Thanks Denny for your suggestions on names , and the rest of you for sharing. i thought there for a while that I was all alone in this thinking. I realize that a bow is an object and has no "soul" but sometimes it is kinda fun to let out that "inner kid" and do things that are considered childish for a grown man. I'm 57 years old and do not live in a fantasy world, but when I read a book about Fred Bear or Howard Hill, I'm "transported" back into a simpler time ,as opposed to this hectic , rush ,rush world we live in today. i guess it is my escape for awhile in that I feel like I am right there with them on their hunts. Call me crazy, but it is better than drugs, etc. for your escape to relax in this crazy world. I think that this is one reason I finally have decided to go the traditional archery route after all these years with a compound.


----------



## bowhuntrmaniac (Jan 22, 2012)

fotoguy , Thanks for writing back and explaining your thought in more detail. Your initial response did seem to be a little critical. Thanks again.


----------



## mitchell (Mar 5, 2005)

bowhuntrmaniac said:


> Thanks Denny for your suggestions on names , and the rest of you for sharing. i thought there for a while that I was all alone in this thinking. I realize that a bow is an object and has no "soul" but sometimes it is kinda fun to let out that "inner kid" and do things that are considered childish for a grown man. I'm 57 years old and do not live in a fantasy world, but when I read a book about Fred Bear or Howard Hill, I'm "transported" back into a simpler time ,as opposed to this hectic , rush ,rush world we live in today. i guess it is my escape for awhile in that I feel like I am right there with them on their hunts. Call me crazy, but it is better than drugs, etc. for your escape to relax in this crazy world. I think that this is one reason I finally have decided to go the traditional archery route after all these years with a compound.


Well said. Ditto.


----------



## dielectric (Oct 17, 2011)

When I take my recurve out of the sock, I usually think "Hey Beautiful". Does that count?


----------



## MI_Darton (Aug 8, 2005)

I like this thread...as I have named all of the traditional bows I have. The list from oldest to newest is "Hawkeye" (had the bow with me when I got attacked by a hawk) , "Helga" (homemade hickory which turned out kinda ugly), and "Hanna" (which is a Bear Montana). Earlier in the year I bought a used Palmer recurve here on AT. I asked the seller if he had a name for it and to my suprise he said 'Yes, I call her Betsy', so I kept her name the same. BTW, the curves on "Betsy" feel really nice. LOL


----------



## BarneySlayer (Feb 28, 2009)

GEREP said:


> I call mine the *"Titan."
> 
> *I figured what the heck, the name was already on there.
> 
> ...


That's fantastic!

I name all of my bows. If nothing else, it gives me a mental tag to remember their shooting 'personality'.

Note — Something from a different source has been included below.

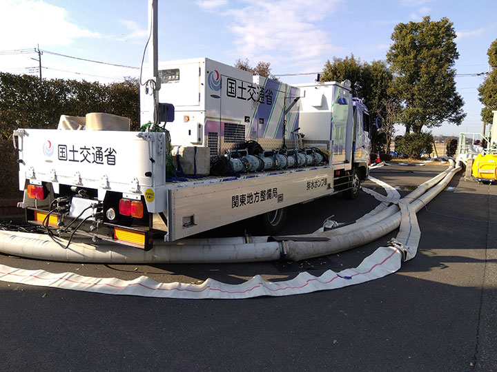 排水ポンプ車による排水支援①(埼玉県春日部市)

In terms of choosing the name, I'd say, let the bow tell you.


----------



## BarneySlayer (Feb 28, 2009)

grantmac said:


> But they don't have any permanent aspect, they are wood and will one day fail. It makes naming them seem kind of pointless.
> -Grant


Kind of like people, huh?


----------



## bowhuntrmaniac (Jan 22, 2012)

Thanks guys again for the nice responses. I'm really enjoying the feedback and getting more ideas for my bow name. Keep 'em comming!


----------



## AngelDeVille (May 9, 2012)

dielectric said:


> When I take my recurve out of the sock, I usually think "Hey Beautiful". Does that count?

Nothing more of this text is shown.